# Collected data
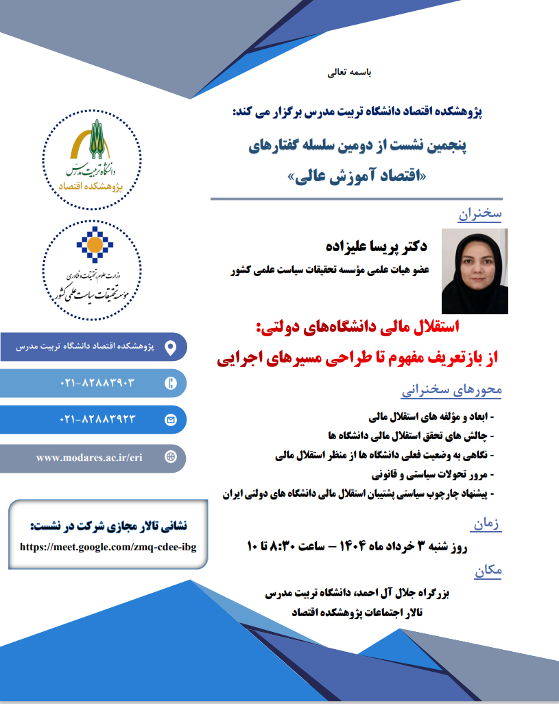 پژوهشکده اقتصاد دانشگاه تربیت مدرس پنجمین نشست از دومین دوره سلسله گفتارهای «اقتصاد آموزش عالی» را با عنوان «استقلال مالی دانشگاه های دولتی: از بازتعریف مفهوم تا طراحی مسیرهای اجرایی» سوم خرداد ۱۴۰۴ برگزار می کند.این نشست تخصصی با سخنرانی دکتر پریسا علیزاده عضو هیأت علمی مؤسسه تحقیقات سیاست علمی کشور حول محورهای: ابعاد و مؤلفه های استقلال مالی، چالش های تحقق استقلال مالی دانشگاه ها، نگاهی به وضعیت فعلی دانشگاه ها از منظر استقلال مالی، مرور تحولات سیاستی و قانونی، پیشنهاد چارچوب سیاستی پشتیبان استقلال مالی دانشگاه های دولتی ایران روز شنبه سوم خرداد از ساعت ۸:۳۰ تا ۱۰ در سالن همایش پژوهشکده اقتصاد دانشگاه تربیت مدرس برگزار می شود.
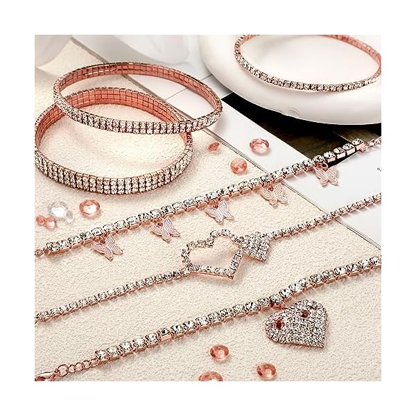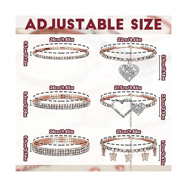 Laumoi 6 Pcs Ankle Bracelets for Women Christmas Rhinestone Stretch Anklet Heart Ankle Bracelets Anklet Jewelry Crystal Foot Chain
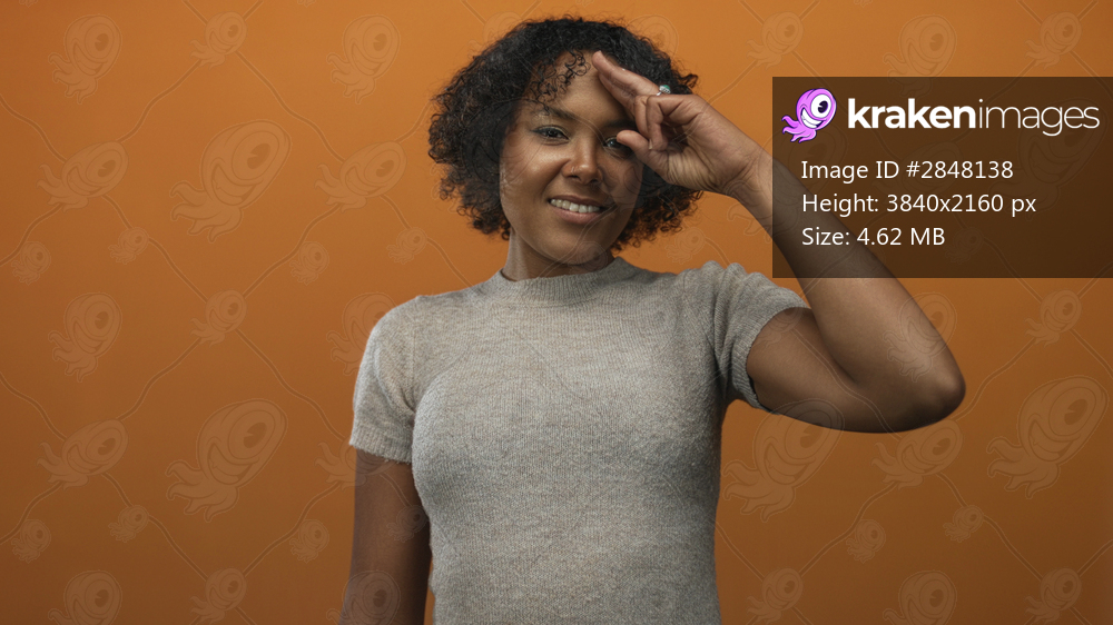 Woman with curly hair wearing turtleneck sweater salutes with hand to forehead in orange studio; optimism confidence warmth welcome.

# What you should do
Transcribe the listing exactly; omit all images.

# Task output
 پژوهشکده اقتصاد دانشگاه تربیت مدرس پنجمین نشست از دومین دوره سلسله گفتارهای «اقتصاد آموزش عالی» را با عنوان «استقلال مالی دانشگاه های دولتی: از بازتعریف مفهوم تا طراحی مسیرهای اجرایی» سوم خرداد ۱۴۰۴ برگزار می کند.این نشست تخصصی با سخنرانی دکتر پریسا علیزاده عضو هیأت علمی مؤسسه تحقیقات سیاست علمی کشور حول محورهای: ابعاد و مؤلفه های استقلال مالی، چالش های تحقق استقلال مالی دانشگاه ها، نگاهی به وضعیت فعلی دانشگاه ها از منظر استقلال مالی، مرور تحولات سیاستی و قانونی، پیشنهاد چارچوب سیاستی پشتیبان استقلال مالی دانشگاه های دولتی ایران روز شنبه سوم خرداد از ساعت ۸:۳۰ تا ۱۰ در سالن همایش پژوهشکده اقتصاد دانشگاه تربیت مدرس برگزار می شود.
 Laumoi 6 Pcs Ankle Bracelets for Women Christmas Rhinestone Stretch Anklet Heart Ankle Bracelets Anklet Jewelry Crystal Foot Chain
 Woman with curly hair wearing turtleneck sweater salutes with hand to forehead in orange studio; optimism confidence warmth welcome.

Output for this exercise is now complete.